Tuesday, April 17, 2018

If someone wants to challenge Kale Misegades to a free throw contest, they may want to rethink that challenge. The 10-year-old from rural Henning is making his second straight trip to the Elks National Hoop Shoot competition in Chicago, Ill. After finishing in third place in the 8-9-year-old age group last year, the Henning Elementary School fourth grader is returning to Chicago, Ill. this weekend for the National Elks Hoop Shoot competition.

On the one year anniversary since the passing of Henning High School student Jacob Quam, a group of approximately 30 people gathered for an early morning game of basketball on Friday at Henning School. The basketball game was just one of several activities at the school on Friday as students, staff and the community remembered the life of Quam.

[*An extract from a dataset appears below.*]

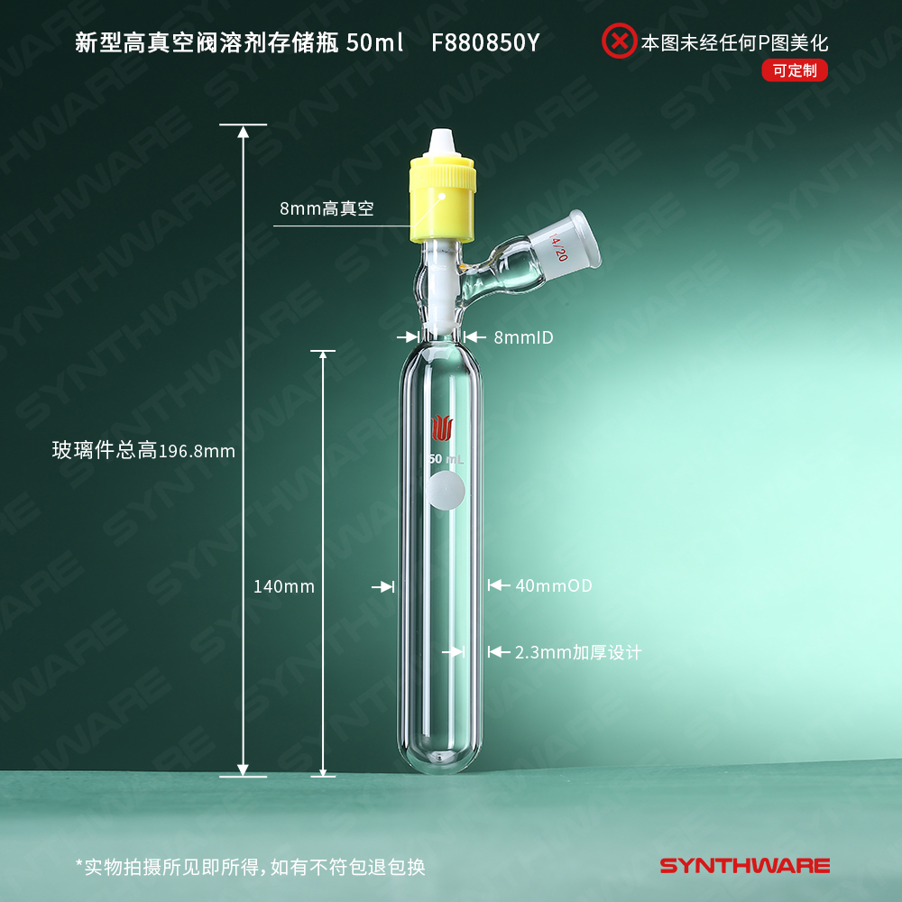 新型高真空阀溶剂存储瓶,容量:50ml,侧口:14/20 F880850Y

This week in the Henning Public School library our wonderful custodian Kevin Greenwaldt along with Building Supervisor Robert Brostrom hung a much needed analog clock that is large enough to see from anywhere in the entire library and is a beautiful silver color. Although it might not seem like a great task to hang a clock, this clock is so large that scaffolding was needed.

25 years ago

The Henning Advocate

Thursday, April 15, 1993

East Battle Lake this week shows all the signs of winter’s end. The ice is breaking up, stretches of open water are growing larger with each day, and even the days are getting longer—especially now that daylight savings time has arrived. On short order this scene will be punctuated with docks dipping in at the waters’ edge and boats will be skimming the surface while the sport-minded seek their slippery friends from the deep. Ahhhh…spring.

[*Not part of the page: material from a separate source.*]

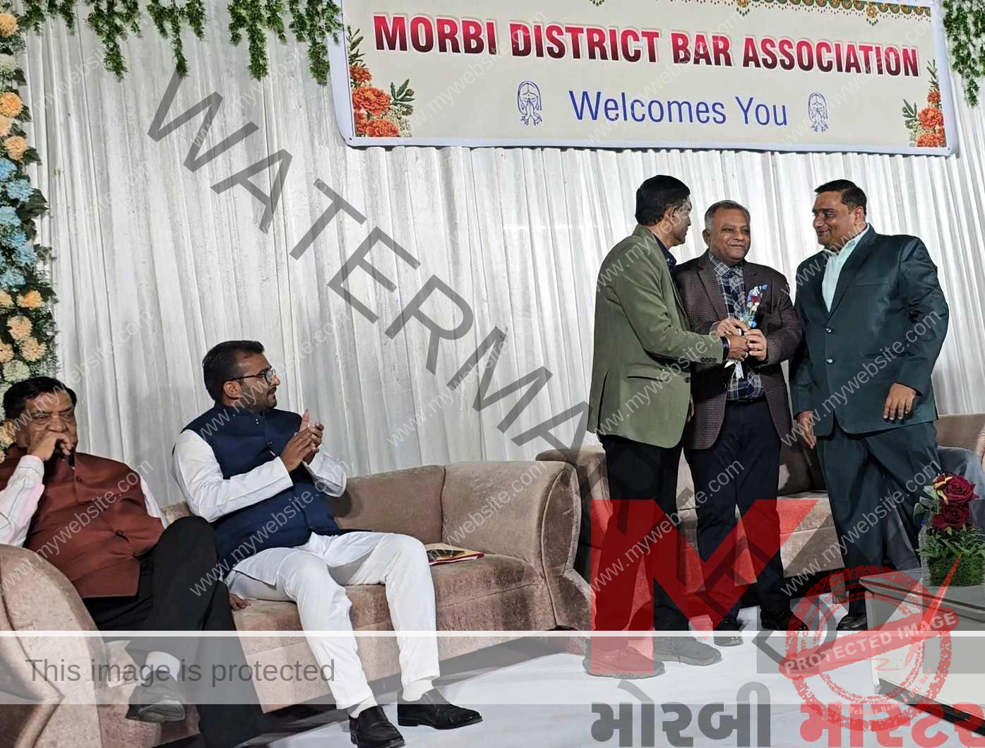 મોરબી બાર એસોસિયેશનના પ્રમુખ દિલીપભાઈ અગેચાણીયાની એકટીવ પેનલની જીત બાદ જશ્ન પ્રિન્સિપાલ ડિસ્ટ્રિકટ સેશન્સ જજશ્રીઓ અને બાર કાઉન્સિલ ઓફ ઈન્ડિયાના વાઈસ ચેરમેનશ્રી દિલિપભાઈ પટેલ અને રાજકોટ બારના પ્રમુખશ્રી સુમિતભાઈ વોરા સહિતનાઓએ આપી હાજરી

Battle Lake Mayor Bobbi Tamke reported that, although she had made a public appeal for support on the natural gas installation question, no one has so far come forward to help push the matter along. Tamke said she told the community, “you people who want it, (natural gas) you better come forward. I got two calls.” Tamke reported that the matter did not come up for discussion in the council’s most recent meeting, on March 24. An estimated 60 people turned out for an informational presentation on the project two weeks earlier.

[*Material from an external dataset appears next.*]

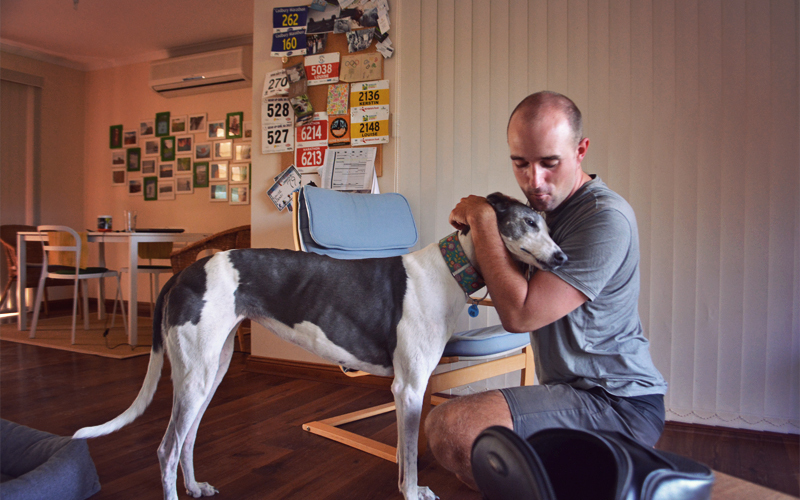 When the mozzies become too much we head inside to the living room. We watch the Australian Open on TV, drink tea and eat ginger-flavored biscuits, hear the crickets chirping outside through open windows, and smile at the lazy old greyhound who wedges her narrow body into a square-shaped dog bed that leaves the ends of her long and skinny legs draped over the edges. It marks the end of a wonderful day spent with two wonderful people. With half a world separating us, the chance of meeting up with Louise and Kerstin for a third time at some point down the road on bicycles or any other kind of vehicle is admittedly small, but Kristen and I both go to bed hoping that the numbers are on our side.

Stressing that the meeting at hand was not meant for acting on budget cuts may be and where they might fall, Henning School Board Chairman Dave Stueve convened a special meeting of the board on Thursday, April 2. The task at hand is trimming the budget for next year in anticipation of an estimated $100,000 shortfall. That shortfall would have been avoided had an excess levy referendum passed last fall.

50 years ago

The Henning Advocate

Thursday, April 18, 1973

Ken Trosdahl has arrived for duty at Udorn Royal Thai AFB, Thailand.

75 years ago

The Henning Advocate

April 1948

Myron Tollefson, a Henning High School senior, was given a superior rating for his memorized oratory at the district speech festival.

100 years ago

The Henning Advocate

Thursday, April 18, 1923

An important business deal was made last week when George Paulson sold his hardware business here to N.J. Eide of Elbow Lake. While Mr. Eide is an experienced man in this line it is understood he will not personally attend to the business here. He is a young man, but it is understood he is old at the hardware business. Mr. Paulson has been in the hardware business continuously without a break, at the same stand, for 37 years.

There was much gossip in society circles over the marriage of Viscountess Northcliffe, widow of the noted publisher, to Sir Robert Hudson, within nine months after the death of her husband. They are on their way to Italy to spend a long honeymoon following the nuptial ceremonies. Viscountess Northcliffe was compelled to relinquish millions of dollars from her late husband’s estate because of her hasty remarriage. A residuary trust fund, which comprised 25 percent of the estate had been set aside for the widow on condition she did not remarry. In addition she lost the magnificent Northcliffe residence in Carleton Gardens and a special sum of $50,000 mentioned in the will.

President Harding purchased his birthplace—a farming North Bloomfield Township, Morrow County, Ohio where as a barefooted boy he spent his childhood days.

125 years ago

The Henning Advocate

Thursday, April 20, 1898

President McKinley transmitted the long expected Cuban message to congress on last Monday.

Arrangements have been made to have a Swede school at the school house after the regular term closes.

The loudest shouters for war are often the men who forget the fact, felicitously stated by Captain Mayan of the navy, “Fighting means close relations with those who are trying to hurt you.”

The woman who thinks of nothing but dress is pleasanter to look at than the woman who never thinks of dress.

If the dove of universal peace which a western evangelist says he sees hovering in the air is really at that altitude it is going to drop its olive branch and become very tired before it comes down. There is no country which isn’t at war or talking of war; and the conservative old Chicago Tribune declares that war between Spain and this country actually began with the blowing up of the Maine, and is now being prosecuted with such vigor that the bird is liable to be frightened to death.

War with Spain would cost this nation, it is estimated, $100,000,000 a month. That is a great expense, and the loss of life would be a consideration much more deplorable, but there are some things that are worse than war with all its horrors. War is preferable to tyranny, oppression and dishonor.